- _HOW TO COMPLETE THIS TASK_:
Retype only the lines running from the beginning of the entries below to the line with "三重奏與五重奏 莫扎特&格林卡&巴托克專輯背面圖片", both included. Do not include pictures.

______

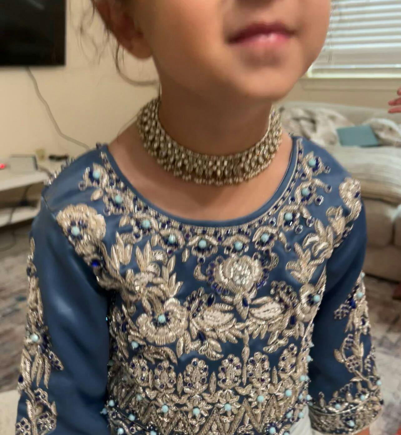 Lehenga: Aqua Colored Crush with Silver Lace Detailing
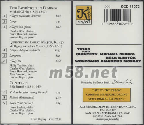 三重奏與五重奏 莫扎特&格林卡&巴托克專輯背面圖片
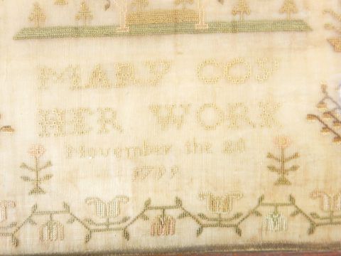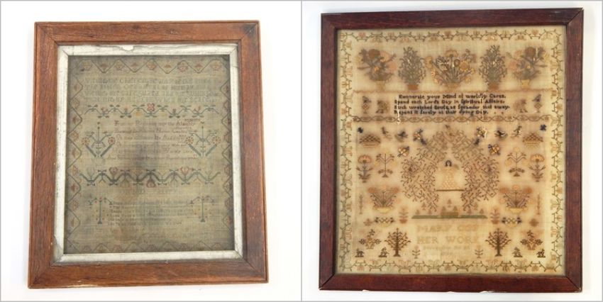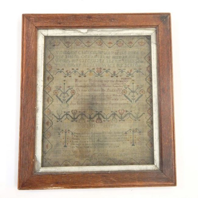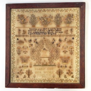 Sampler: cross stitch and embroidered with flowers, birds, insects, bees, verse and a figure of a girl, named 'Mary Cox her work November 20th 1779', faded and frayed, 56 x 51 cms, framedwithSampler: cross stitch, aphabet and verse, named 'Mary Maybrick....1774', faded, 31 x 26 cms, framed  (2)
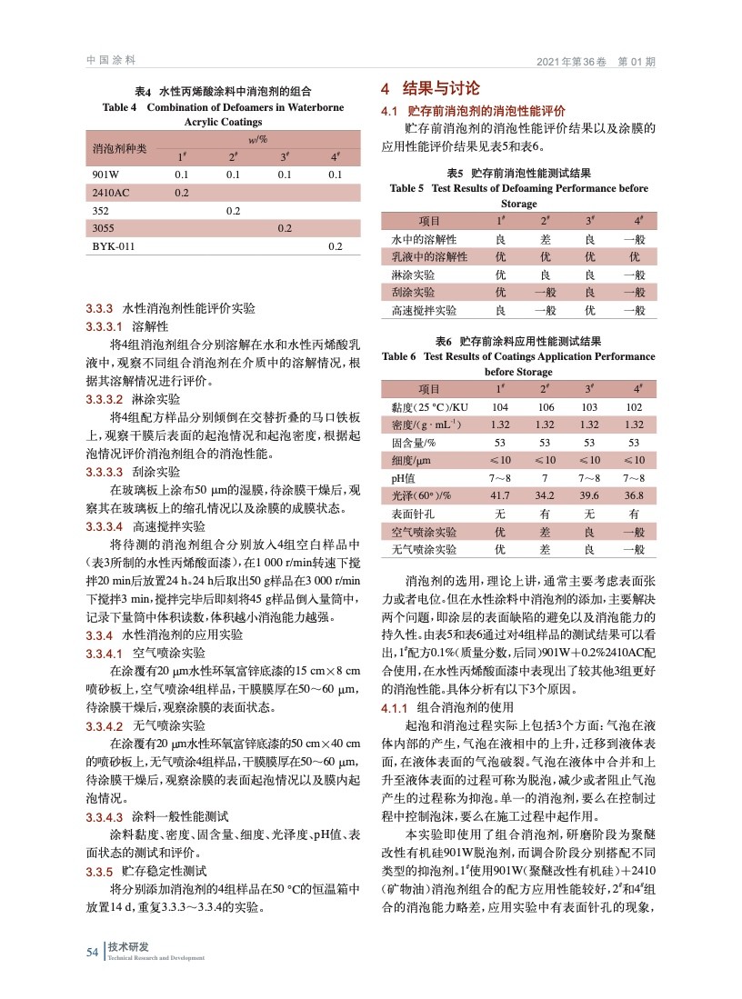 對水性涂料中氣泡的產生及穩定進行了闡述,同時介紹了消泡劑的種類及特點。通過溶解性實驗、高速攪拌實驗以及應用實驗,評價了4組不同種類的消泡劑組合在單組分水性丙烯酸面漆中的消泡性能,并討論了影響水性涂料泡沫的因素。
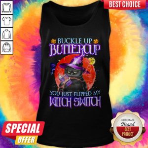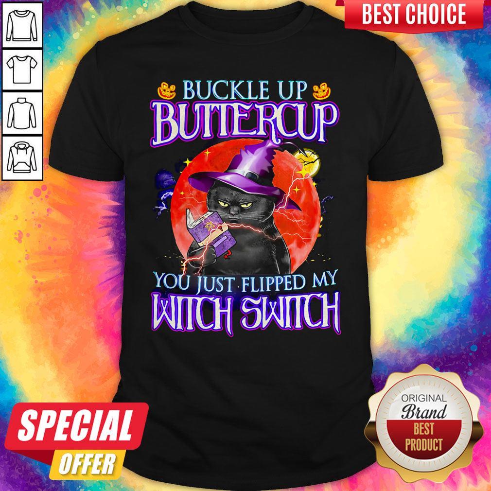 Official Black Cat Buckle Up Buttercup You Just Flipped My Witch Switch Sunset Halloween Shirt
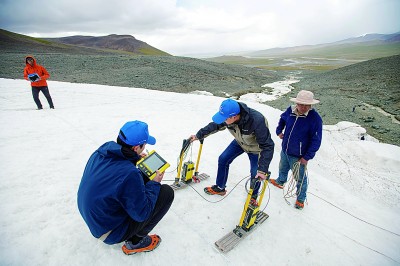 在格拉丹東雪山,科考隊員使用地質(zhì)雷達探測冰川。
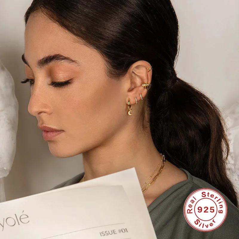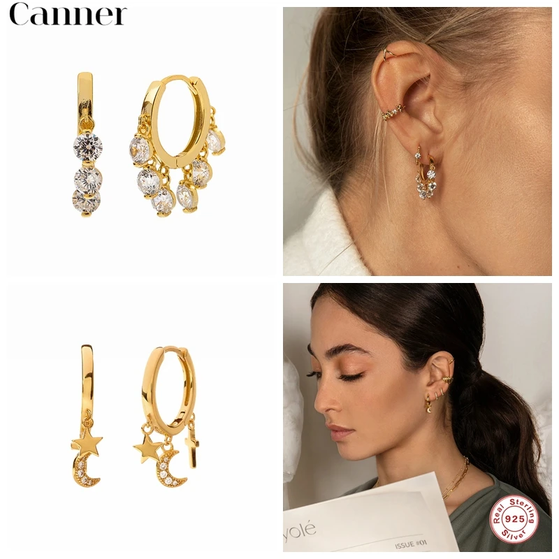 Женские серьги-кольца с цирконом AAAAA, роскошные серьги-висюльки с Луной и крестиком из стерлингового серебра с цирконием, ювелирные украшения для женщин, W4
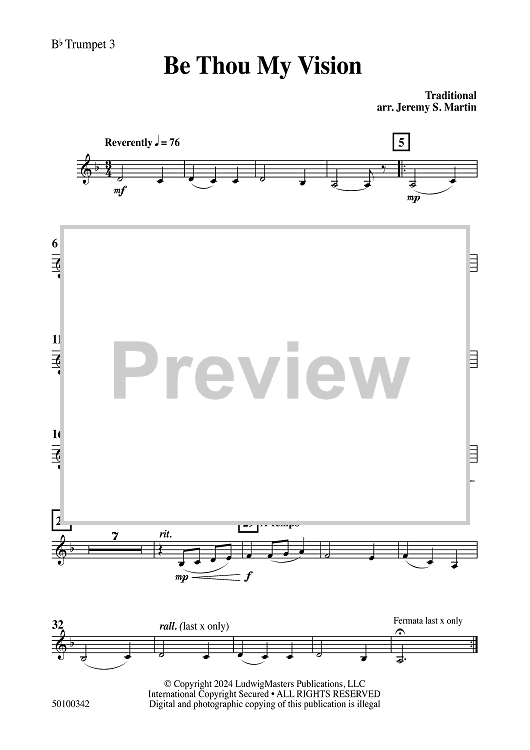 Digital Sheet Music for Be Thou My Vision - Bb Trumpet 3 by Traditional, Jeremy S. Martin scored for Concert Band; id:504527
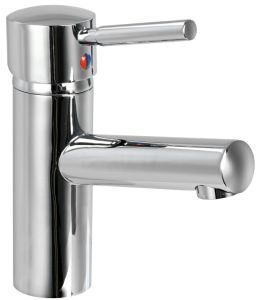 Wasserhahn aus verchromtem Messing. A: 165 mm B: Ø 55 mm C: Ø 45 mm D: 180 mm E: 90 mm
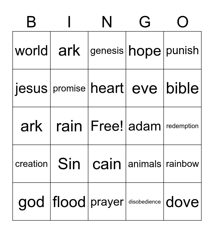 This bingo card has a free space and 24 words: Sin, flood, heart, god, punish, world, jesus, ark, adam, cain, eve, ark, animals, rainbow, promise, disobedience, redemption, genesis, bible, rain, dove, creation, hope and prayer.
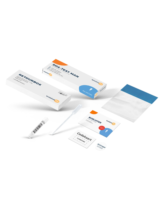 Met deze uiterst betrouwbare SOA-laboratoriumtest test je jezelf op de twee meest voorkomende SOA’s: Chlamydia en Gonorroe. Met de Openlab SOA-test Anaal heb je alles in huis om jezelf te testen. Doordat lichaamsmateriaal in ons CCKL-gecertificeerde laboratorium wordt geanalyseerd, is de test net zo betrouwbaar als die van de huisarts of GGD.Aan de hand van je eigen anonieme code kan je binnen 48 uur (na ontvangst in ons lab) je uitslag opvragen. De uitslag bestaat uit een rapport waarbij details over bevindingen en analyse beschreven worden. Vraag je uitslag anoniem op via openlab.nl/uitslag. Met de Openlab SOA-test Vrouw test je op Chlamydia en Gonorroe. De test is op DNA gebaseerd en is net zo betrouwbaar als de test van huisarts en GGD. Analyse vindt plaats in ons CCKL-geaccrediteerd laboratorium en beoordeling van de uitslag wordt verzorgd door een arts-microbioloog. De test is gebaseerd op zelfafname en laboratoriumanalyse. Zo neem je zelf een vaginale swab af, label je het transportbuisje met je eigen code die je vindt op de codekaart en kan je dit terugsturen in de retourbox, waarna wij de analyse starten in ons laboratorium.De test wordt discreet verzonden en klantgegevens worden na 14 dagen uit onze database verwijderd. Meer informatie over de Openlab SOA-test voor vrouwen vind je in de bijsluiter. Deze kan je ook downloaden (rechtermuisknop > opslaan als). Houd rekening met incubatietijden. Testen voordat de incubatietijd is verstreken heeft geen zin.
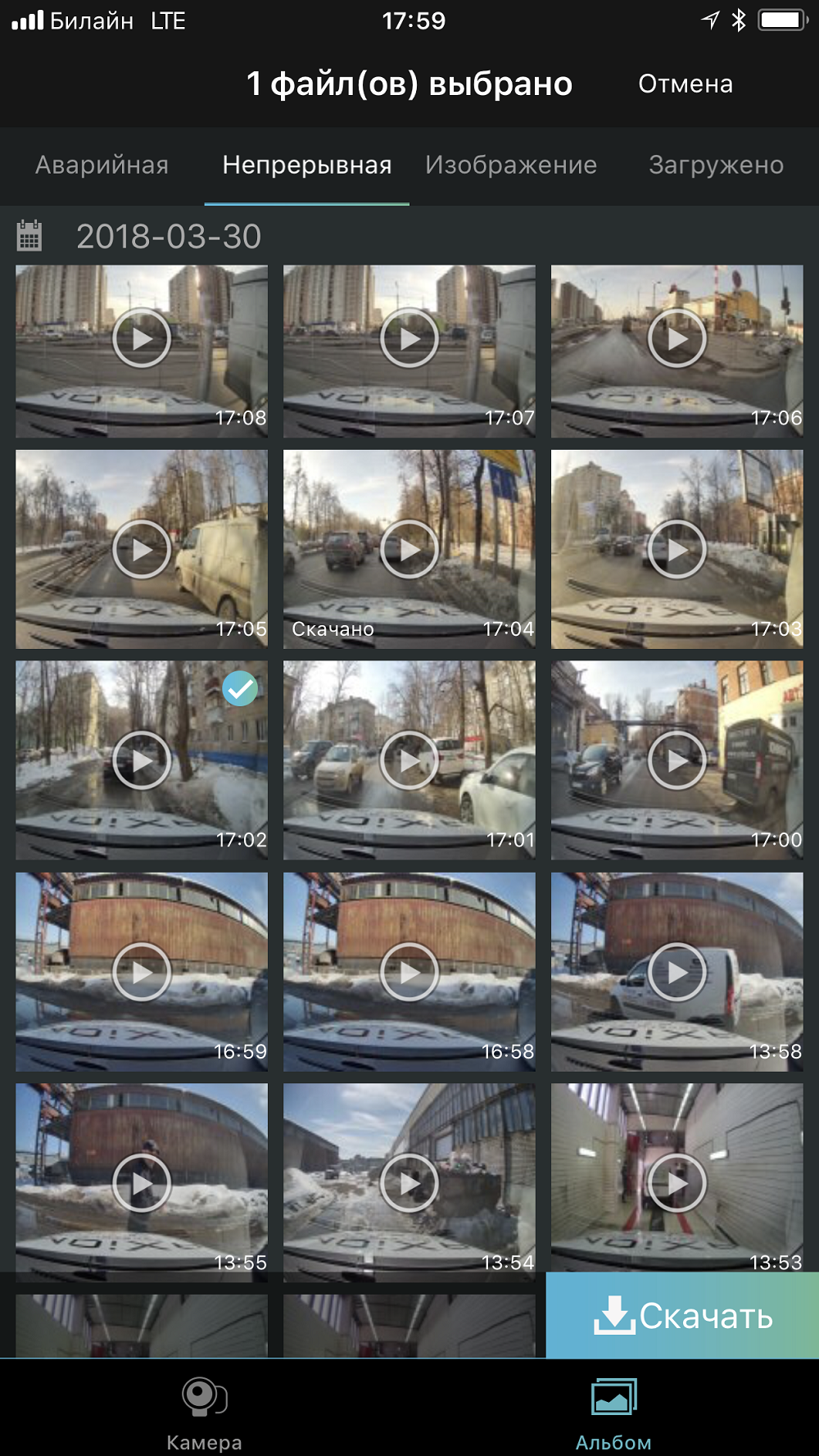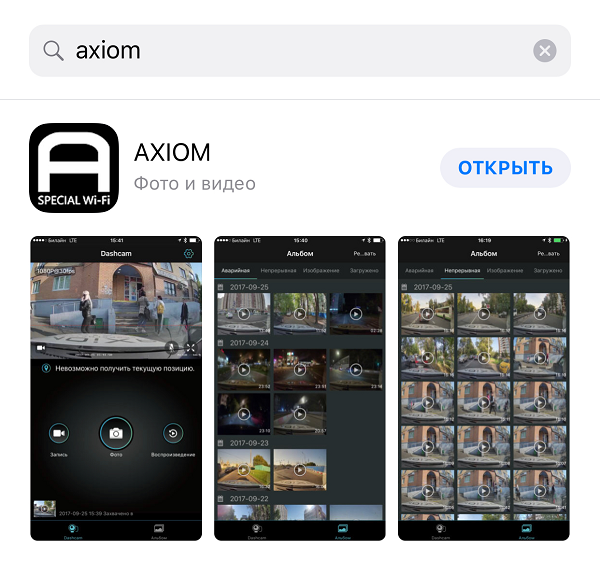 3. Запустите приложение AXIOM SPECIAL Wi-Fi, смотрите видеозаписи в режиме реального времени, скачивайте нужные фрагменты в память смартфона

______

- _OUTPUT FOR THIS TASK_:
 Lehenga: Aqua Colored Crush with Silver Lace Detailing
 三重奏與五重奏 莫扎特&格林卡&巴托克專輯背面圖片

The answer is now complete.